Thank you for all of your responses.
NickE, they probably use a heat pipe which is a tube closed at both ends partially filled with freon. One end is exposed to heat and the other exposed to cold. The cold end must be physically higher. Freon evaporates from the hot end, absorbing heat, and condenses on the cold end, rejecting heat. The condensed freon returns by gravity to the hot end. This will continue at some rate until there is temperature equilibrium. Sunfrost used to offer a feature like this. Check it out:
If I might be allowed to think out loud, the "at some rate" part is the catch. The rate is determined by the hot and cold side surface area, heat transfer coefficient and overall temperature difference. For a small size like a freezer, a practically sized unit can do the job, but for 100 tons of industrial refrigeration, a heat tube would be enomormous! You can get and assist by putting fins our your cold end, and a fan, which would be an aircooled exchanger. Add a compressor to increase the condensation temperature and you have a refrigeration system.
We now use a closed circuit Baltimore Air Cooler tower to condense ammonia (our refrigerant). In the winter, the water temperature never goes below 70F, that is, the cooling is evaporative even in winter.

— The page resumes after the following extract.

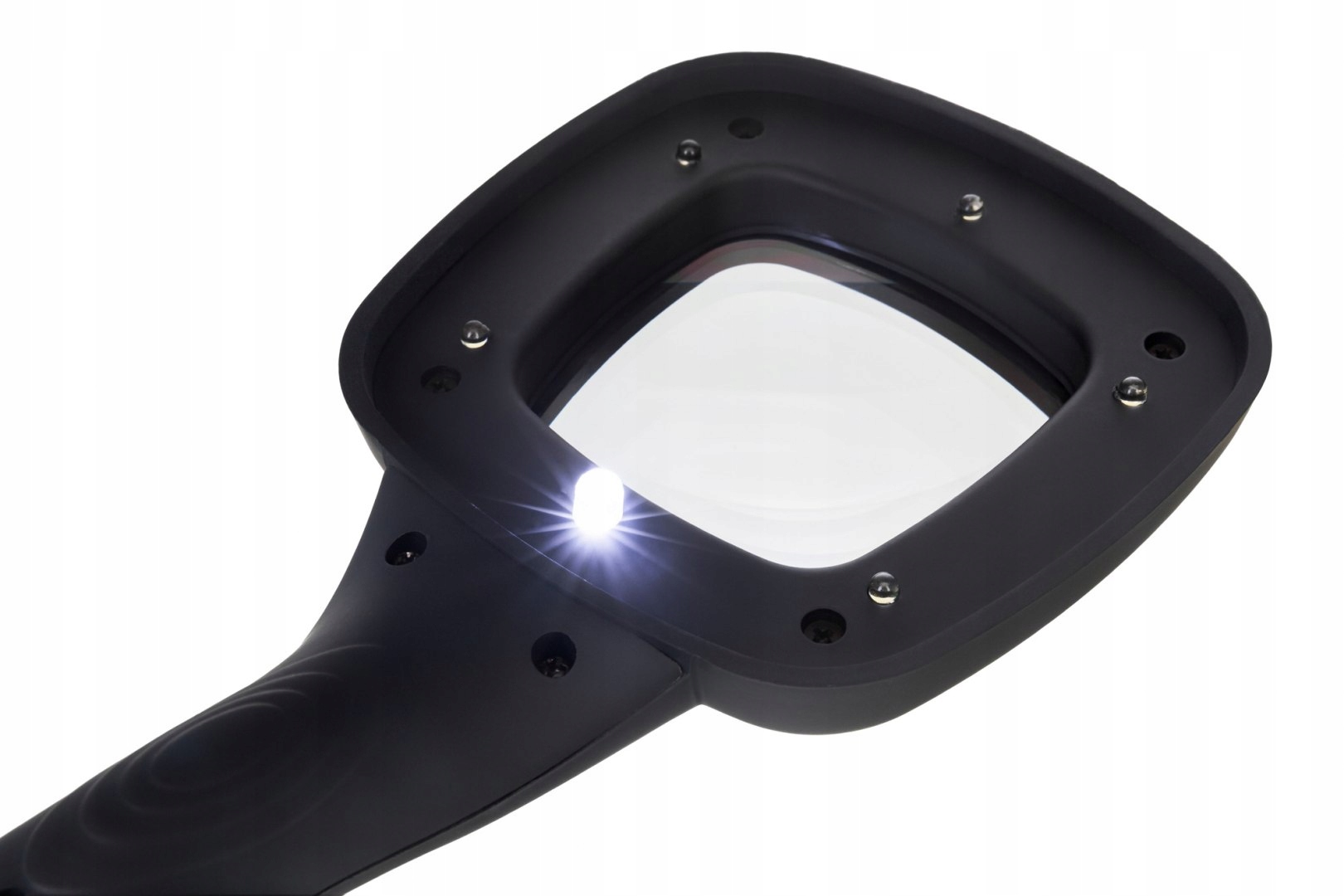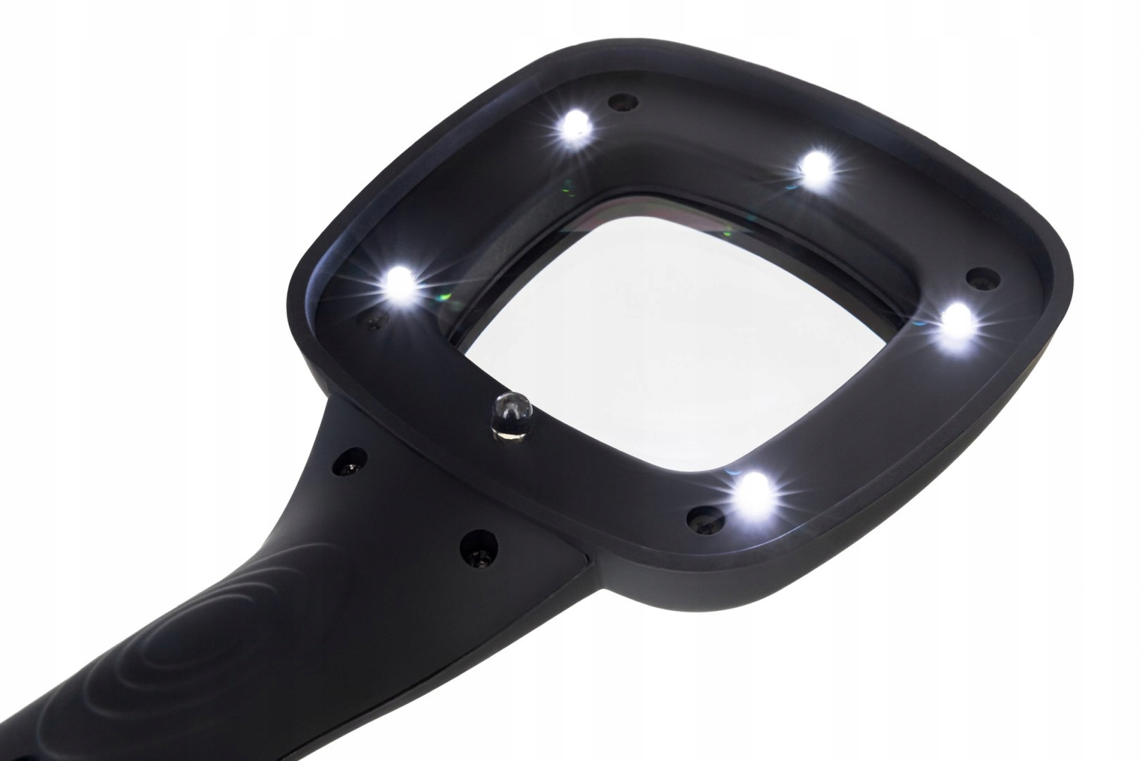 Все оптические элементы этого увеличительного стекла изготовлены из пластика. Увеличение очень легкое. Объектив передает острую картину без размытых областей или аберраций. Имеет переменный угол наклона. Светодиодное освещение было размещено рядом с объективом. Его ясность регулируется с использованием переключателя на корпусе. Освещение имеет питание аккумулятора (батареи, купленные отдельно).

If we susbstituted the tower with aircooled exchanger, which uses convective cooling, then we would get the maximum benefit from cold weather, but would probably still need the "assist" from the compressors (although they would not work as hard). However, aircooled exchangers are more $$$ per unit of heat transferred. My guess is that is all comes down to economics. Someone has certainly done this anaylsis, but in light of renewed conservation and green efforts, it may be worth a second look. Hope that wasn't too pedantic!